Unclaimed Property Legislative Alert: A Deep Dive Into DE SB 104

Delaware incorporated or domiciled entities should be cognizant of a newly enacted Delaware unclaimed property statute that may significantly impact their unclaimed property situations.

Delaware SB 104, enacted on June 30, 2021, has an effective date of August 1, 2021, though specific provisions related to claims, audits, and pending litigation as of the effective date will apply retroactively. Though the intent of the bill is to provide clarification for holders, confirm current examination practices, and address recent litigation, some of the provisions appear to expand the state’s enforcement capabilities, while others contract the protections afforded to holders under the current law.

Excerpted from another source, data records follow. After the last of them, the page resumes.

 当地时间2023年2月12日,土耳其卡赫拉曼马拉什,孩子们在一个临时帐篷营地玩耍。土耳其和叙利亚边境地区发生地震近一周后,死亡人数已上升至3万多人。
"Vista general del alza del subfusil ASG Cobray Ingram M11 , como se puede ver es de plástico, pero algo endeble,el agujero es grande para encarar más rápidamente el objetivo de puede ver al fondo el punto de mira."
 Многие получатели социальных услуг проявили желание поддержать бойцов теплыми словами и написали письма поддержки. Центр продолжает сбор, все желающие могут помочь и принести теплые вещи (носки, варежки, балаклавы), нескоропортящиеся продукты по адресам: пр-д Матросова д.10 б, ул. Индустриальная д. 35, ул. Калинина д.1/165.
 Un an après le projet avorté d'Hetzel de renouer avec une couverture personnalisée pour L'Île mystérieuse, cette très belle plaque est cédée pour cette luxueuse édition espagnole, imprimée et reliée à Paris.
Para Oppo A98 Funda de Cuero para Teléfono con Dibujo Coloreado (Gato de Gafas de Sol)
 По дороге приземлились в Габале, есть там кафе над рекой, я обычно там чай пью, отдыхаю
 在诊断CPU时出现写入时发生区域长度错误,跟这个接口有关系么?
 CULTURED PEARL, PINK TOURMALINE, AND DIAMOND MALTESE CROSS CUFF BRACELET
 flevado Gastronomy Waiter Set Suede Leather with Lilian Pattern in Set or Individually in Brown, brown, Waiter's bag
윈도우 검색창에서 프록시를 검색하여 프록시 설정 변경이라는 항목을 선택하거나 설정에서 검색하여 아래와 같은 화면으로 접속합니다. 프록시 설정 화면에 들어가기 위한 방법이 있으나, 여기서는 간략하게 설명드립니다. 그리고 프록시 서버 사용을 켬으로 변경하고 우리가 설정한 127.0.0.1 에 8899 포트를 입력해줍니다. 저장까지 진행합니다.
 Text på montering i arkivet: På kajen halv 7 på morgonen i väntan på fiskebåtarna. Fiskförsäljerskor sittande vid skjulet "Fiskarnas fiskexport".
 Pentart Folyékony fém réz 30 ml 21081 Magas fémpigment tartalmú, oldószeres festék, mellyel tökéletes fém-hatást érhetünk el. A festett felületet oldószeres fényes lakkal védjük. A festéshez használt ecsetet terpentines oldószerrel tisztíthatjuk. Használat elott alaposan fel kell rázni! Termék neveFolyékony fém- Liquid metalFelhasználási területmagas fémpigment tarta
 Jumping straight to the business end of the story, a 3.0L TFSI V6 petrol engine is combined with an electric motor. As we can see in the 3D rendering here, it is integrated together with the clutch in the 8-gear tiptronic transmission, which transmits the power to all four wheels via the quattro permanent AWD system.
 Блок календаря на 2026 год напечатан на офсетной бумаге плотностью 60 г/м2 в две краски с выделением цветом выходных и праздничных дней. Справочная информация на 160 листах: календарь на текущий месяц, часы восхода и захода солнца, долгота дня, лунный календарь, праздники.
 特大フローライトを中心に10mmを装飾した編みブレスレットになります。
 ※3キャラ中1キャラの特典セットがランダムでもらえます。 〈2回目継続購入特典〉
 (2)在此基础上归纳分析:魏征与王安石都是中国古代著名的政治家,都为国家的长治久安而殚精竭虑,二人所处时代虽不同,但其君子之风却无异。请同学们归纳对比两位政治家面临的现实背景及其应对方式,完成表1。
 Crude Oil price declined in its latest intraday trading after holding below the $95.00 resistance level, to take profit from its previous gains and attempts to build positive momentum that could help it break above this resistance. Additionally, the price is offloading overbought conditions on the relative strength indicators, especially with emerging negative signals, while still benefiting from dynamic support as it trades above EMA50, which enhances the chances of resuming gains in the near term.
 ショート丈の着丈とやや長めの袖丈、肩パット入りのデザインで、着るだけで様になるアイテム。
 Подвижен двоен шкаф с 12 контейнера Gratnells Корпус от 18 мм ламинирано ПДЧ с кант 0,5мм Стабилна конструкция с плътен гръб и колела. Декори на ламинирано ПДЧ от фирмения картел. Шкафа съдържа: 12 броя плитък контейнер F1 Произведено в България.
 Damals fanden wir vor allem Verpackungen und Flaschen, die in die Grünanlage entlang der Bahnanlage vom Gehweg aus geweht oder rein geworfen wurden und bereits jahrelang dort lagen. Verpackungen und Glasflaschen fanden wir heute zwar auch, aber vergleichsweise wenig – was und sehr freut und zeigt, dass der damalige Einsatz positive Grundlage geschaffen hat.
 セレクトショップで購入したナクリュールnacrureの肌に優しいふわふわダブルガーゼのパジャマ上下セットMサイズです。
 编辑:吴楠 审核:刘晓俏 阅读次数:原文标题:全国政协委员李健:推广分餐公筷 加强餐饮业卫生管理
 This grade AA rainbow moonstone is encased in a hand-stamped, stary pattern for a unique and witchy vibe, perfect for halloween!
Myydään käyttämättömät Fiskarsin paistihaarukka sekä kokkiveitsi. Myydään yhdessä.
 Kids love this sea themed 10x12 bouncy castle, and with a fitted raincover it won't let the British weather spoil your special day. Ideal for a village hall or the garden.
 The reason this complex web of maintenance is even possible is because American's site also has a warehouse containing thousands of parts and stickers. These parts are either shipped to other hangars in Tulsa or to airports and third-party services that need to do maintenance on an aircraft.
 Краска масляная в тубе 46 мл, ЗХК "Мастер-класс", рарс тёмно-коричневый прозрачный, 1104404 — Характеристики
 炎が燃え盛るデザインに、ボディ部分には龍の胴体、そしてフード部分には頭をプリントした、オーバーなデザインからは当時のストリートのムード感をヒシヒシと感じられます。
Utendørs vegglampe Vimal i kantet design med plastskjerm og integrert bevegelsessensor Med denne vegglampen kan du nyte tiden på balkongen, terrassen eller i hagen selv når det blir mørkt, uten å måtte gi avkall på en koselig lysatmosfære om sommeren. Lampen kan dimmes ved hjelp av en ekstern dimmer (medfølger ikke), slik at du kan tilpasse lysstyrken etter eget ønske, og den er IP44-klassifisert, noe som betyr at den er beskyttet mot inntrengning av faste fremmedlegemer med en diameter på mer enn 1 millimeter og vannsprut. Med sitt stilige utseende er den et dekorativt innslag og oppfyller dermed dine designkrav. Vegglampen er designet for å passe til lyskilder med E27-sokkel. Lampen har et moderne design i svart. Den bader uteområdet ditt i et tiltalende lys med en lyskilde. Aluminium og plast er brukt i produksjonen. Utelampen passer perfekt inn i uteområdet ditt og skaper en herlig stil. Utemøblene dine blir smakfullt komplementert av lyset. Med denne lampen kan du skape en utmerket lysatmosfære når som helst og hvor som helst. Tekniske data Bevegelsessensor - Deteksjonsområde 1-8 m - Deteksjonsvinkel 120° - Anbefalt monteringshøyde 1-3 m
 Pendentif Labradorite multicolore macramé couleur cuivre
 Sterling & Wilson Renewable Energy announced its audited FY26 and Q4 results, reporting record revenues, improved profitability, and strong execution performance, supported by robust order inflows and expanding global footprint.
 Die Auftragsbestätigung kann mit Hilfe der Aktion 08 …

A summary of the relevant changes made to the Delaware unclaimed property law as a result of DE S 104 follows:

  • Revised VDA and Audit Provisions
    • Response Time to VDA Invite Extended. The timing to respond to a VDA invitation is increased from 60 to 90 days. Holders who receive an invitation may enter the VDA program or request to enter the expedited audit program (see below).
    • Audit Records Scope. The State Escheator can examine the records of the holder or a subsidiary or affiliate of the holder to verify the completeness and accuracy of the records, even if the records may not identify property reportable to Delaware. The state is under no obligation to provide a reason or justification for the examination of records, other than that it relates to determining compliance.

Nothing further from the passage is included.